Under certain circumstances GIF's restriction to 256 colors forces some packing, expecially when a global color table is used. A commonly used such table has six intensities per primary color (6x6x6) and we shall refer to such encodings as 6x6x6 GIF and use the term adaptive GIF for encodings using a local color table. Packing for adaptive GIF is no different than packing for PNG but packing for 6x6x6 GIF requires special attention because we must deal with GIF's implicit packing. The latter is far from optimal for removing extraneous intensities and it often degrades the appearance of the image by introducing dithering to approximate colors. Still it produces smaller files than adaptive GIF or PNG and a careless comparison of 6x6x6 GIF and PNG (or adaptive GIF) may lead one to the erroneous conclusion that 6x6x6 GIF is more efficient. (Comparisons of this type can be found on certain web sites, for example [14]). For this reason we illustrate the performance of the various versions of GIF and PNG on an artificial image of a red 256x256 square. The following table that shows the size in bytes of the encodings. In the first two cases the intenisty is kept constant, in the third pseudo-random white noise that is approximatelly Gaussian with mean 0 and sigma 1 (root mean square 0.5) has been added.

6x6x6 GIF
adaptive GIF
204 ( a table value for 6x6x6 GIF)
200 plus slight noise

JPEG requires 1653 bytes for all three images because it filters out the noise. The 6x6x6 GIF and JPEG implementations used in these tests are from Microsoft's Paint program distributed with Windows XP. The adaptive GIF implementation used is from Adobe Photoshop 7.0. PNG results are from the author's implementation. Files produced by other PNG implementations are some times slighter bigger and other times slightly smaller. ( While the adaptive GIF file in this example is smaller than the PNG file this is not true in general. The same implementations often produce a GIF file that is larger than the PNG file.)

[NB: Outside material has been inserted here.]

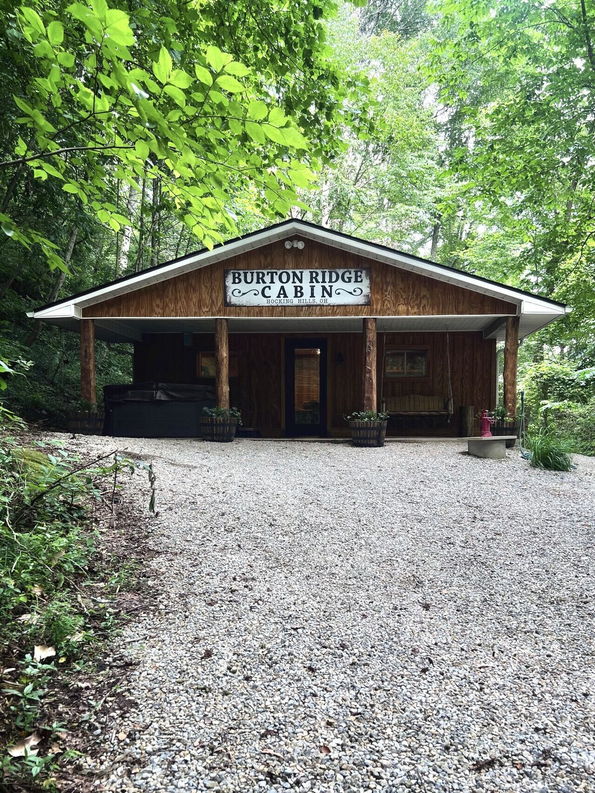 Escape to this brand-new, pet-friendly cabin on 22 private acres in Hocking Hills. Located just minutes from Ash Cave and Old Man’s Cave, it offers a hot tub, wet/dry sauna, wood-burning stove, central air, and a fully stocked kitchen. Enjoy an old-school arcade game, a walking trail through the woods, and frequent wildlife sightings. With rustic charm and modern comforts, plus Jimbo’s Bar & Grill next door, this cozy retreat is the perfect base for your stay.

Because the human eye cannot detect more than 1% varations in intensity even when they are displayed side-by-side the third image appears uniformly red and all three images appear indistinguishable with the possible exception of the 6x6x6 GIF encoding of the first and third images where some viewers may be able to see the dither. The introduction of invisible distortions leads to a 40 fold increase in the size of both adaptive GIF and PNG files. In contrast, noise increases the size of the 6x6x6 GIF file by only 5 bytes. When the noisy image is packed the adaptive GIF and PNG files are 392 and 789 bytes respectively, the same as in the noise free image.

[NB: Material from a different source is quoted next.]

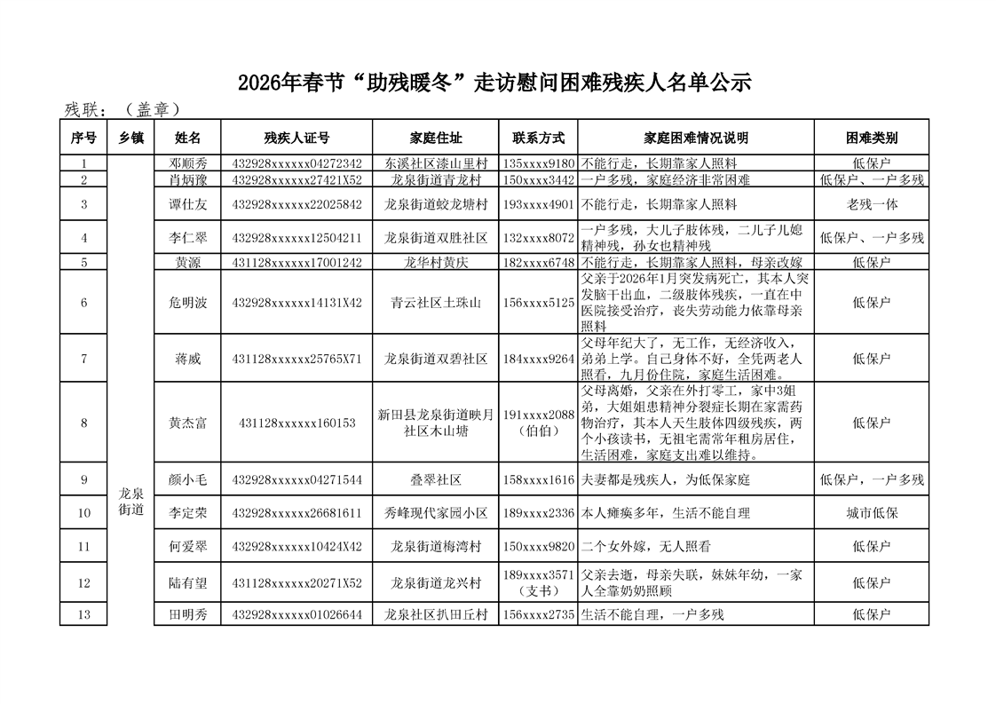 2026年春节“助残暖冬”走访慰问困难残疾人名单公示

It is easy to modify the last step of the packing algorithm to make the packing well suited for 6x6x6 GIF. We need only to change the rule for selecting a representative value for each zone by picking values that are present in the 6x6x6 GIF color table. If no values fall within the zone, we may select a linear combination of color table values that will produce a small dither matrix. For obvious reasons, the gains provided by packing in 6x6x6 GIF compression by processing are nowhere as large as the gains achieved in PNG or adaptive GIF compression. When such a filter is applied to the third image the resulting 6x6x6 GIF file is 1227 bytes. This "mutant" version of pack4png is called pack4gct (pack for global color table).

6. Experimental Results

For images that fit the basic model well the crossings depend very little on the level, so the effect of parameter variation is negligible. (See another variation of Figure 3.) For other images the effect can be significant. Figure 4 shows one example of the application of the method in a gray scale image with the words "WINTER SALE". Because the effects of pack4png are not visible in reduced scale images we show a part of each of the full size images consisting of the sequence "SA".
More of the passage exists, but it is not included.